Fife councillors heard the number of fatalities caused by road accidents fell to five last year, which is half the number of people killed on the region’s roads in 2014.
However, despite no children being fatally injured last year, the number of children sustaining serious injuries increased and failed to meet the Scottish Government’s casualty reduction target.
Last year, 13 children were seriously injured in Fife road accidents.
Fife Council said the low numbers recorded meant there would be “inevitably some fluctuation from year to year”.
Welcoming the reduction in fatalities, Councillor Ross Vettraino, who chairs the environment, protective services and safer communities committee, said there was no room for complacency.
He added: “Ideally there would be no casualties and certainly no fatalities on Fife’s roads as every death means a devastating loss to family and friends somewhere. However, being realistic, this record low figure is to be welcomed.
“It’s clear that the numbers will not reduce in a straight line every year but there is a long term trend of reducing casualties.
“There’s a tremendous focus placed on road safety in Fife through adopting a multi-agency approach.
“Through a number of road safety initiatives, work is ongoing to ensure Fife’s roads are as safe as possible. But, there is no room for complacency and all involved will continue striving to reduce casualties on Fife’s roads.”

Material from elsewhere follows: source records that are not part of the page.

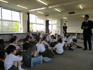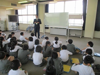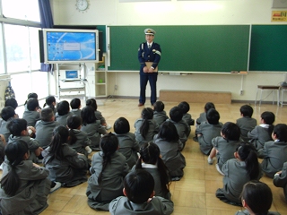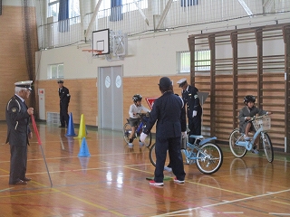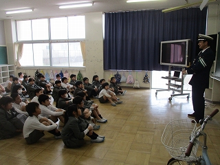 1時間目・2時間目に津幡警察署の警察官が来校し、春の交通安全教室を行っていただきました。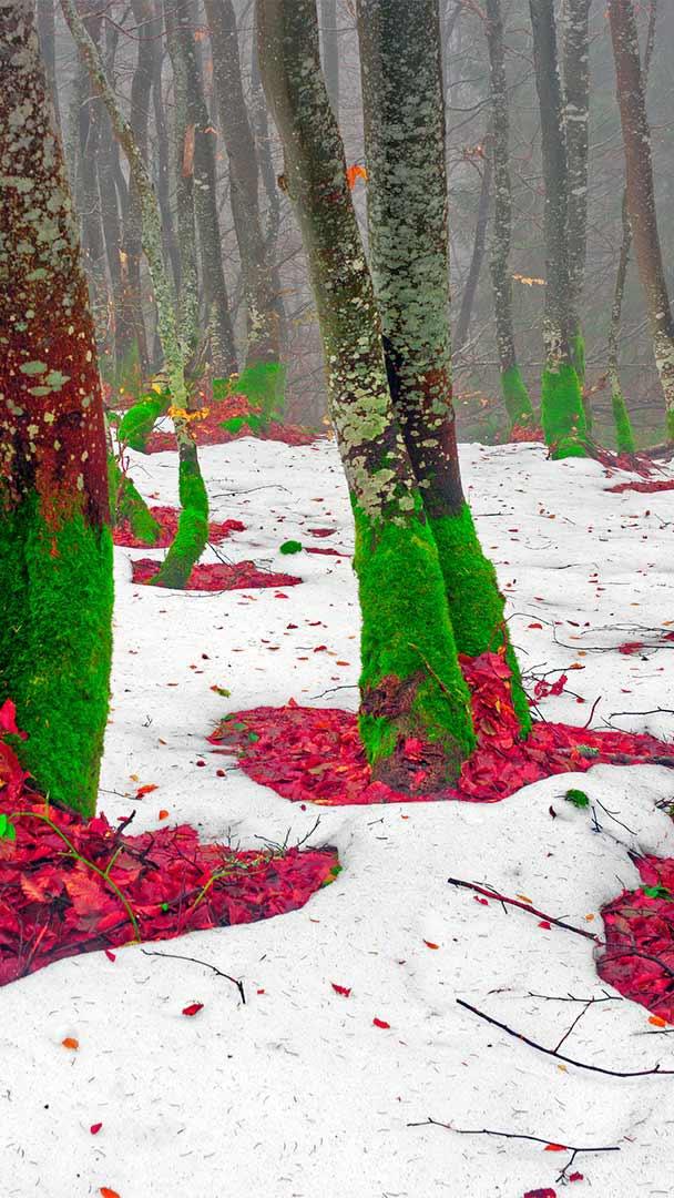 For Christmas Day, we"re taking in the winter views on Mount Khomyak in Ukraine"s Carpathian Mountains. The bright green moss and the red of the fallen leaves pop against the snowy white, as though the forest were transforming into a magical band of Christmas elves. While much of the Christian world celebrates Christmas on December 25, for those who follow Eastern Orthodox Christian traditions—including many Ukrainians—Christmas is still a couple weeks away. Eastern Orthodox Christmas celebrations are tied to the Julian calendar, which is 13 days behind the more universal Gregorian calendar, so Christmas Day in Ukraine will be celebrated on January 7.
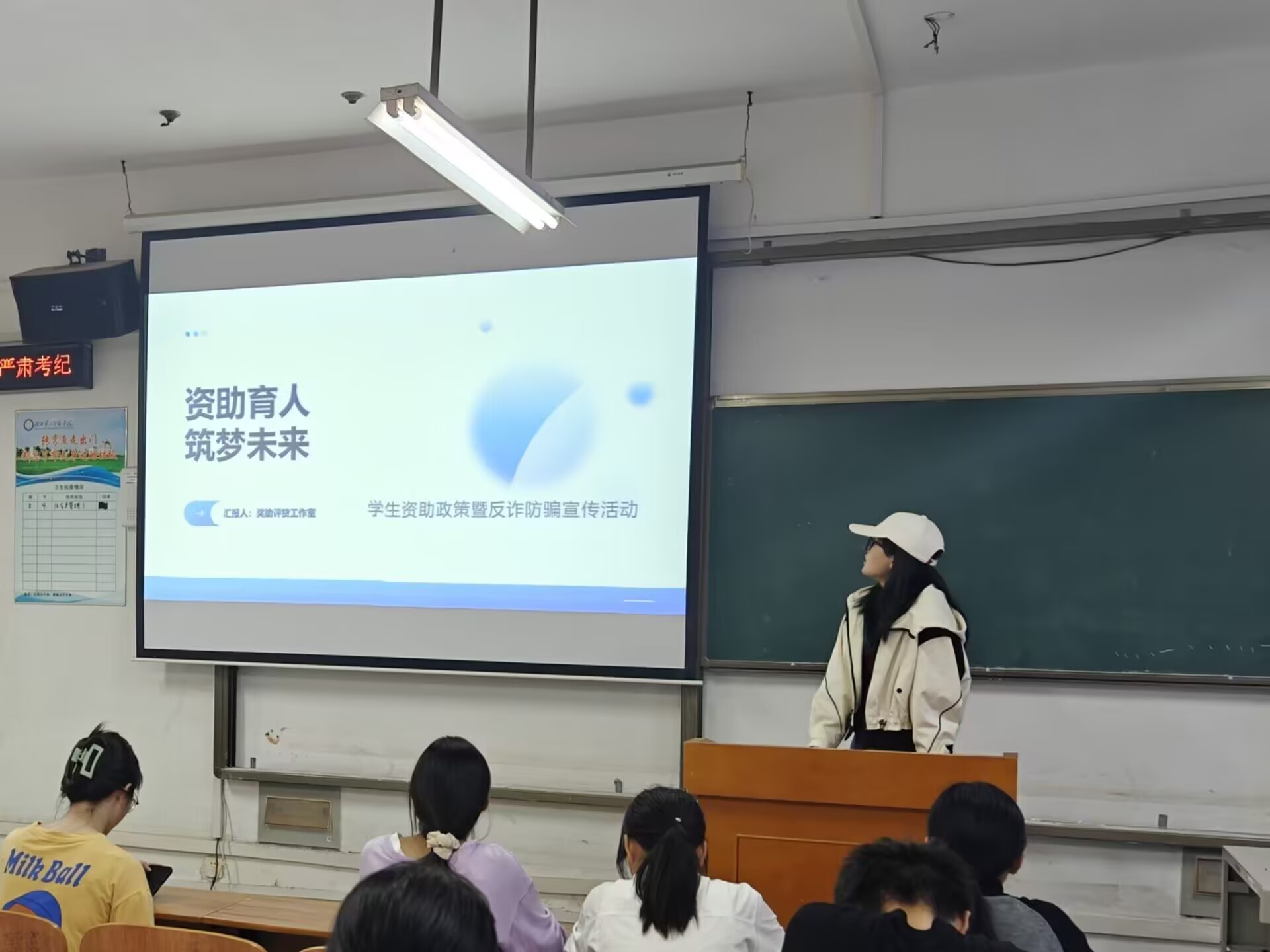 会上,占雨茜围绕国家及学校的各项资助政策,详细介绍了国家资助体系,包括家庭经济困难学生认定、国家奖学金以及国家励志奖学金的评判标准、申请条件、审核流程和应交材料等,向在场同学传达国家和学校学生资助管理中心的各项政策要求,使他们深入了解奖学金、助学金、助学贷款、勤工俭学临时困难补助、绿色通道生活补助和路费补贴等各项资助项目。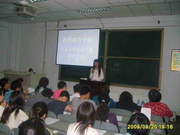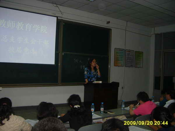 2009年9月20日晚上6:40,由公司团总支员工会主办的干部换届选举竞职演讲在一教楼201举行。公司党总支书记邱宏书记,常务副经理杨随军副教授,副经理李尚卫副教授,团总支书记刘薪老师,员工工作专职辅导员郑春、王会老师及各班班主任等作为评委出席了此次活动。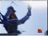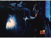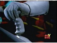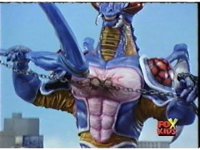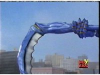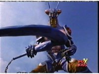Mantevil is struck by the energy slashes, spark bursts brightly. Unharmed, he slashes an energy bolt from his scythe over to Omega Megazord, spark bursting it, before fireballs erupt around it. |
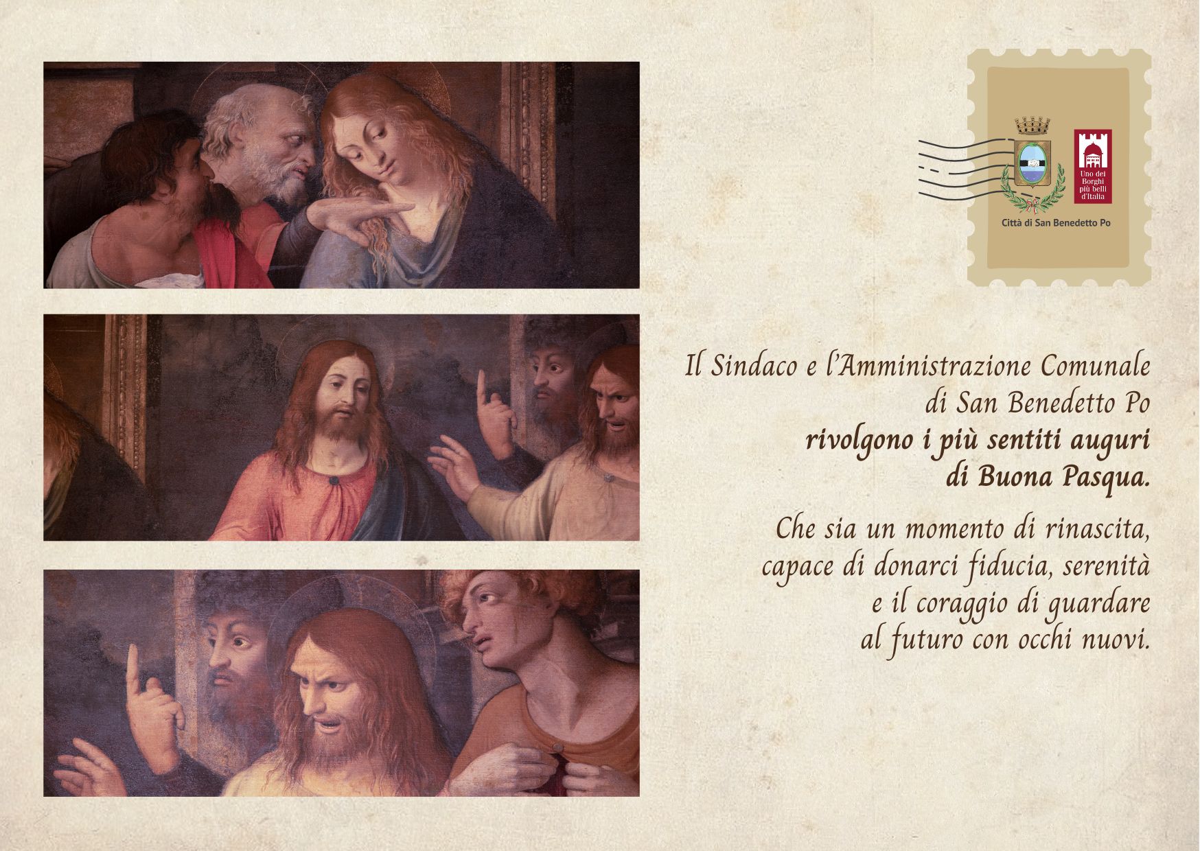 Il Sindaco e l’Amministrazione Comunale di San Benedetto Po rivolgono i più sentiti auguri di Buona Pasqua.

In Fife during 2017 there were 311 recorded road crashes resulting in 421 casualties, of which five were fatal, 82 serious and 334 recorded as slight injuries.
By comparison, in 2016 there were 607 casualties of which 10 were fatal, 87 serious and 510 slight.
Chief Inspector Adrian Annandale, road safety chief for Police Scotland’s Fife Division, said he had seen for himself how tragedies on the roads affected communities.
He said: “In the mid-noughties we were seeing 30 people, 15 people, 19 people killed year on year. A lot of these people were young people and a lot of communities suffered significantly with the loss of life.”
Mr Annandale said education programmes targeted at young drivers had helped bring down statistics.
He added: “Driver behaviour is a priority raised by communities throughout Fife.
“We aim to keep on reducing casualties on Fife roads, whether by our road policing officers carrying out enforcement on Fife’s roads or our community officers carrying out education at, and around, Fife schools.”